I fell into the untrustworthy category. “I guess I wasn't deemed worthy enough for your respect,” I say.

He winces and meets my eyes. Surprisingly, his eyes are full of remorse. “I'm sorry. I shouldn't have treated you that way. You were just a child, and I, being an adult, should have known better.”

He runs his hand through his hair, and I find myself thinking about doing the same to it.

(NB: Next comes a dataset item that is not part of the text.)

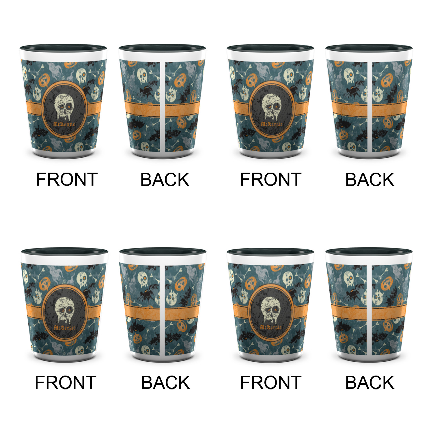 Made from ceramic these shot glasses are printed in full color with the design of your choice. These are a standard 1.5oz size and stand 2.25" tall. Available in a full white ceramic or a two-tone with a black color inside the shot glass. Buy a single or a set of 4, all of which can be designed separately to get you just what you want and need.

Wondering if it would be slick and smooth in my hands if I do so.

He lets out a bitter chuckle. “I was so silly and foolish. I thought everyone was out to get something from us. I thought you were friends with Nala out of selfish interests. I even had you followed.”

My eyes widen a little in surprise. “You had me followed?”

He nods, and his eyes become tinged with something I can’t entirely read. “I was that paranoid. You weren't the only one. And even after not seeing anything to question, I still treated you like shit.” He bites down on his lower lip. “And for that, I'm sorry. I'm sorry for everything I did to you. I know an apology won't fix anything or take back the hurtful words and things I did to you. But I will keep trying to earn your forgiveness no matter how long it takes.”

I hold my breath, my heart thundering in my chest. I have always prepared myself for any unforeseen circumstances. But I'm not prepared for this. I didn't see this coming. I don't even know how to react.

His usual poker face that makes him look grumpy and unapproachable is gone. Because right now, I see so much more. His vulnerability is so open and so clear.